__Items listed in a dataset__

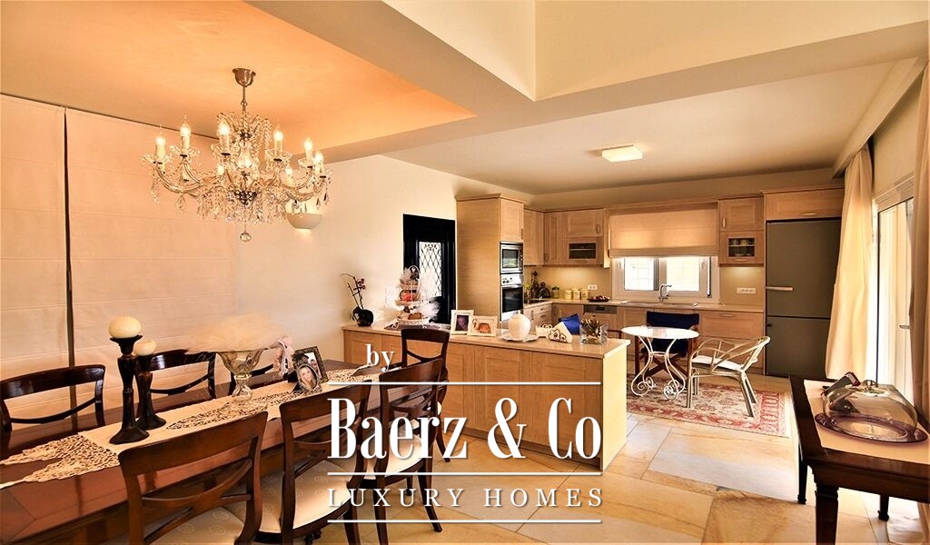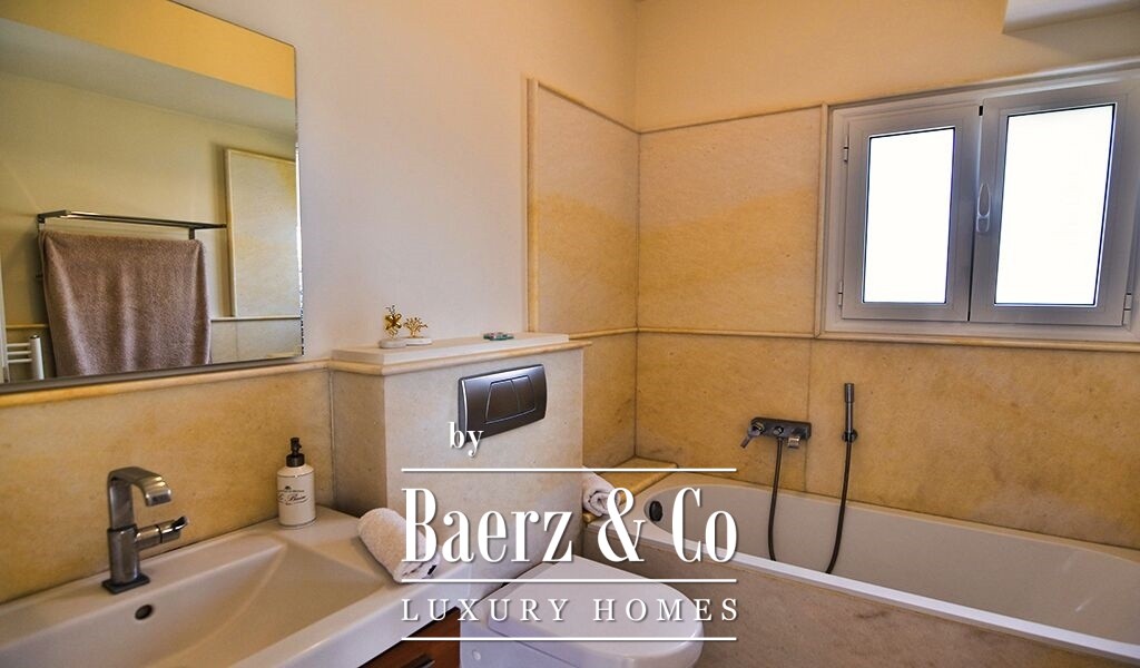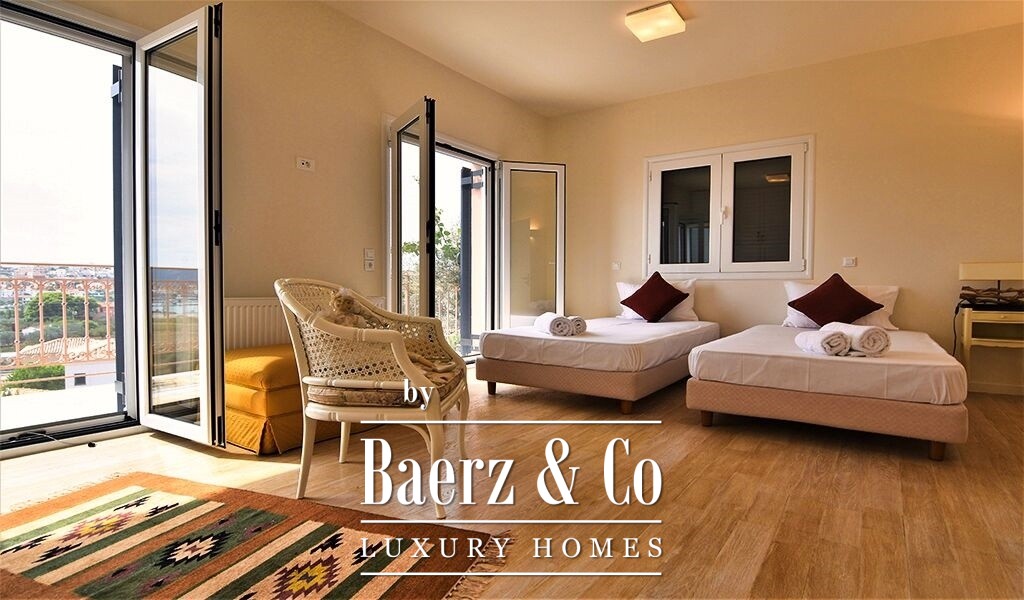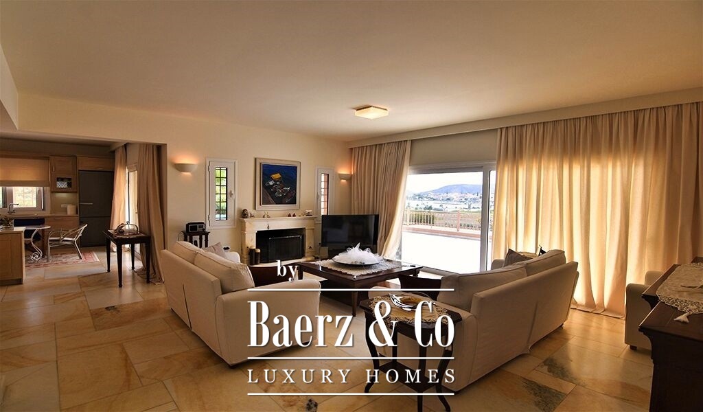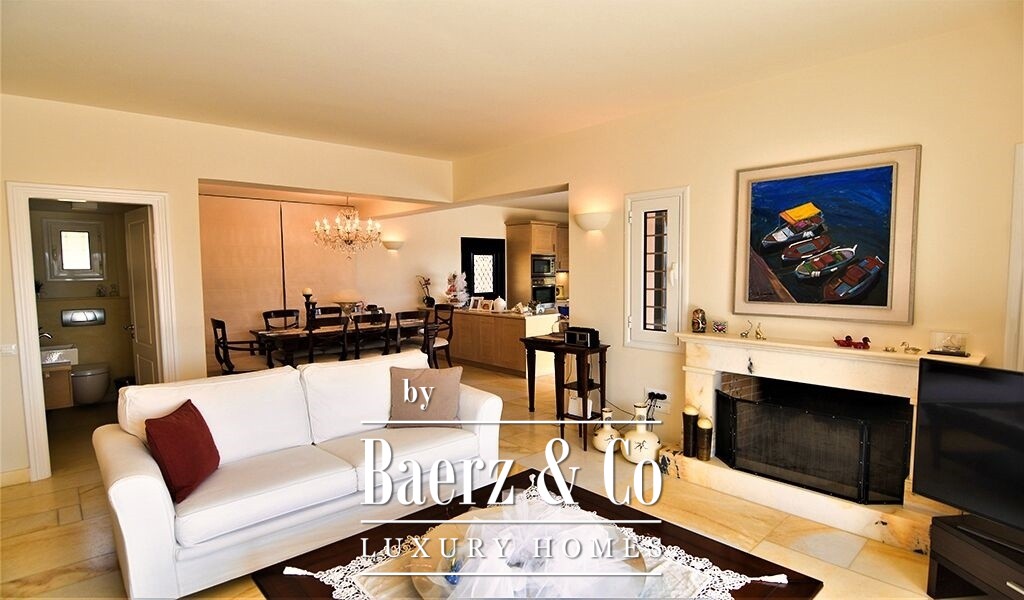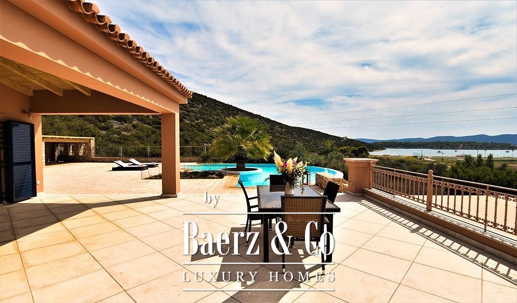 The villa’s Mediterranean architecture and excellent construction standards are evident throughout, complemented by double glazing, security door, and autonomous heating, as well as oil and air conditioning via radiators. Open and covered parking accommodates up to seven vehicles. Outdoor living is centered around a 68 m² semi-circular infinity pool with pool bar and pergola-shaded seating. From this residence, the lace beaches of the region are 2,000 meters away, with the promise of a professional golf course only 13 kilometers distant and direct access to the islands of Spetses and Hydra. This property articulates timeless luxury and the natural rhythm of Mediterranean living.
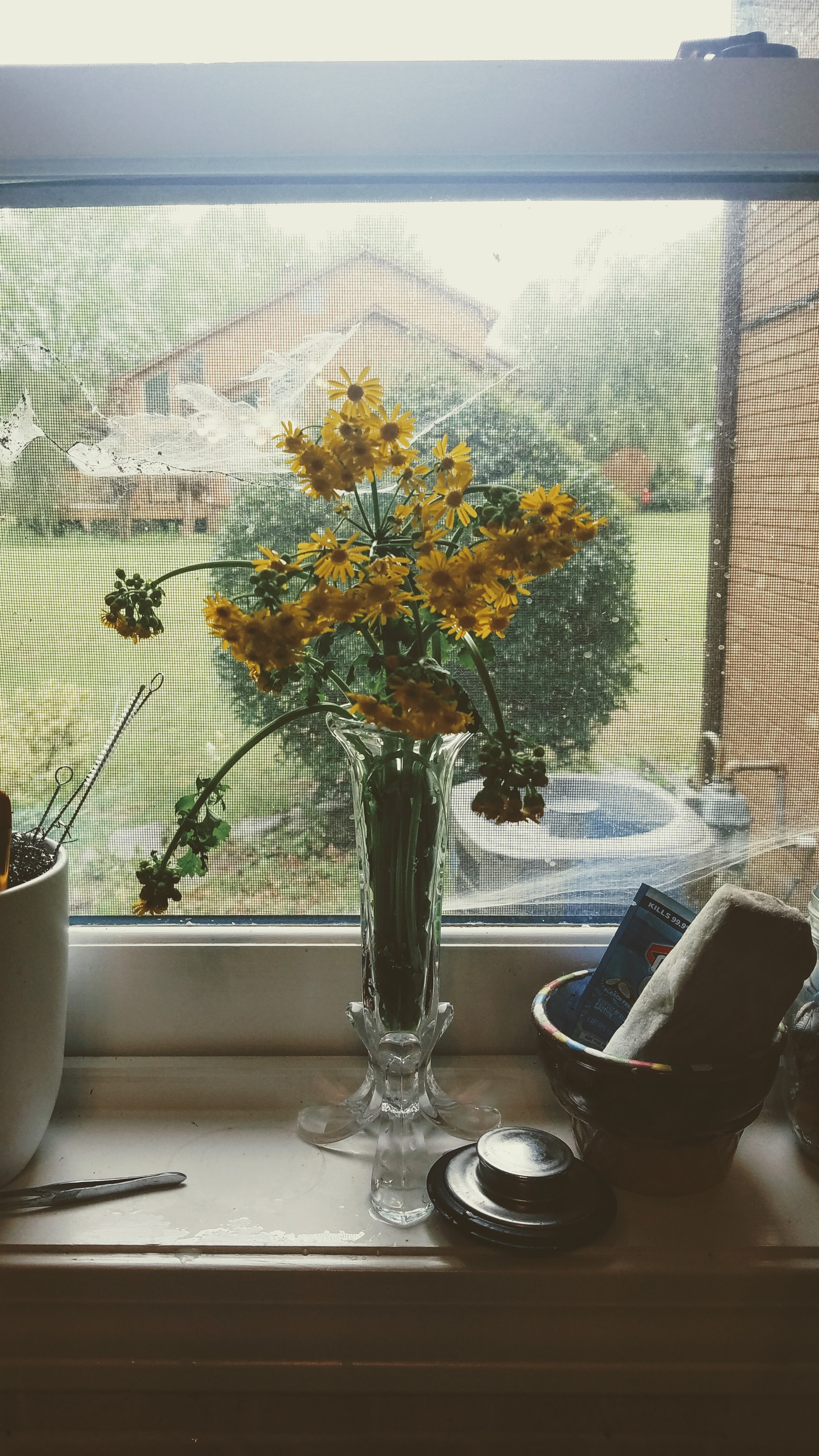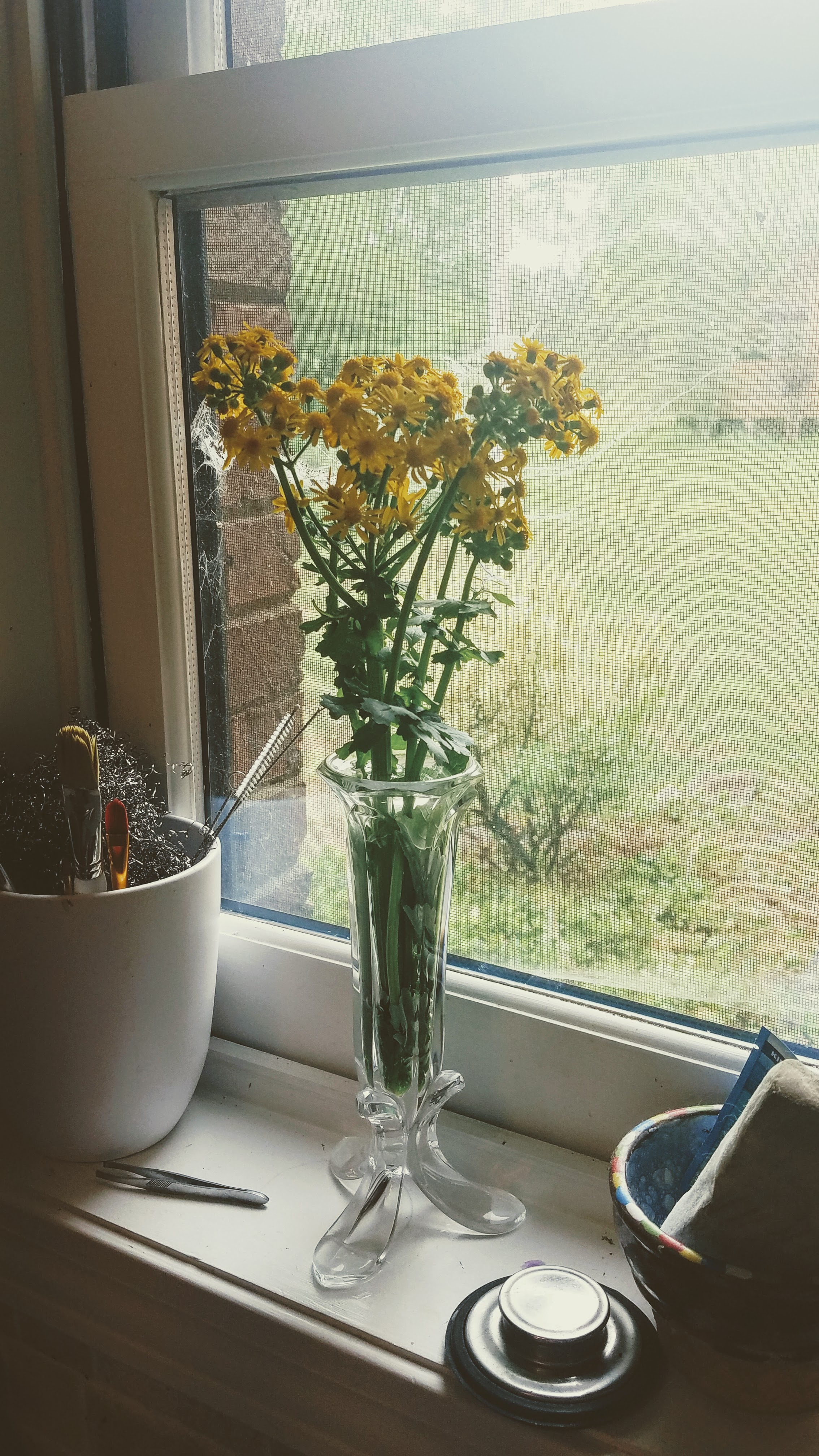 This morning I picked these pretty yellow flowers and put them in this little vase. Within a few hours, they had drank up every drop of the water and wilted. I refilled the vase and within an hour they had perked right back up again.
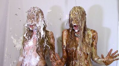 Nicole and Taylor are handing out flyers at a convention. They talk about how easy the gig is and how well it pays. Nicole takes a look at her flyer and realizes it has PIE ME printed on them. Then out of the blue she is pied hard in the face. Taylor finds out her flyer reads SLIME ME and sure enough, she has slime poured over her. The girls are shocked, but keep handing out the flyers. Then they have their dresses pulled off and are pied and slimed again. The girls are nude and covered in slop, but continue to hand out flyers.
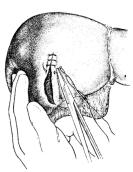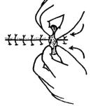 针体的前半部穿过被缝合组织后,即可用镊子夹住针体向外沿针体弧度方向拔针,同时持针钳夹住针体后半部进一步前推,协助拔针。也可由术者将已穿透组织的针体后半部松开,然后用持针钳夹住已穿透组织的前半部,将针拔出。通常操作时缝针前半部穿透组织后,第一助手应该用血管钳协助将缝针拔出,并协助出线,避免线尾脱针或缠绕,以提高效率(图4-24)。
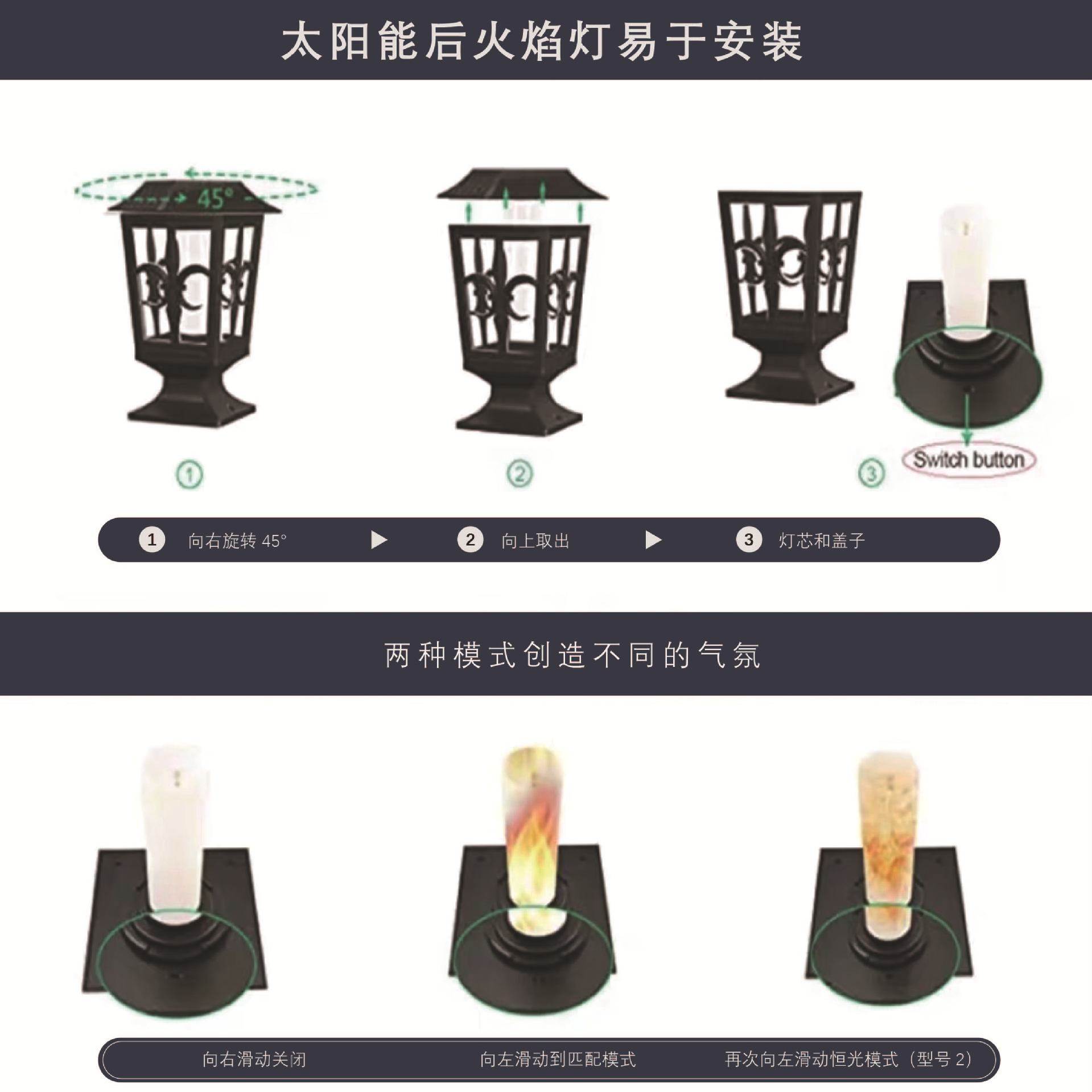 太阳能柱头灯38LED火焰户外壁灯围墙柱子院墙灯外花园别墅庭院

__Activity__
Copy every entry above exactly as it stands, but leave the pictures out.

__Task result__
 The villa’s Mediterranean architecture and excellent construction standards are evident throughout, complemented by double glazing, security door, and autonomous heating, as well as oil and air conditioning via radiators. Open and covered parking accommodates up to seven vehicles. Outdoor living is centered around a 68 m² semi-circular infinity pool with pool bar and pergola-shaded seating. From this residence, the lace beaches of the region are 2,000 meters away, with the promise of a professional golf course only 13 kilometers distant and direct access to the islands of Spetses and Hydra. This property articulates timeless luxury and the natural rhythm of Mediterranean living.
 This morning I picked these pretty yellow flowers and put them in this little vase. Within a few hours, they had drank up every drop of the water and wilted. I refilled the vase and within an hour they had perked right back up again.
 Nicole and Taylor are handing out flyers at a convention. They talk about how easy the gig is and how well it pays. Nicole takes a look at her flyer and realizes it has PIE ME printed on them. Then out of the blue she is pied hard in the face. Taylor finds out her flyer reads SLIME ME and sure enough, she has slime poured over her. The girls are shocked, but keep handing out the flyers. Then they have their dresses pulled off and are pied and slimed again. The girls are nude and covered in slop, but continue to hand out flyers.
 针体的前半部穿过被缝合组织后,即可用镊子夹住针体向外沿针体弧度方向拔针,同时持针钳夹住针体后半部进一步前推,协助拔针。也可由术者将已穿透组织的针体后半部松开,然后用持针钳夹住已穿透组织的前半部,将针拔出。通常操作时缝针前半部穿透组织后,第一助手应该用血管钳协助将缝针拔出,并协助出线,避免线尾脱针或缠绕,以提高效率(图4-24)。
 太阳能柱头灯38LED火焰户外壁灯围墙柱子院墙灯外花园别墅庭院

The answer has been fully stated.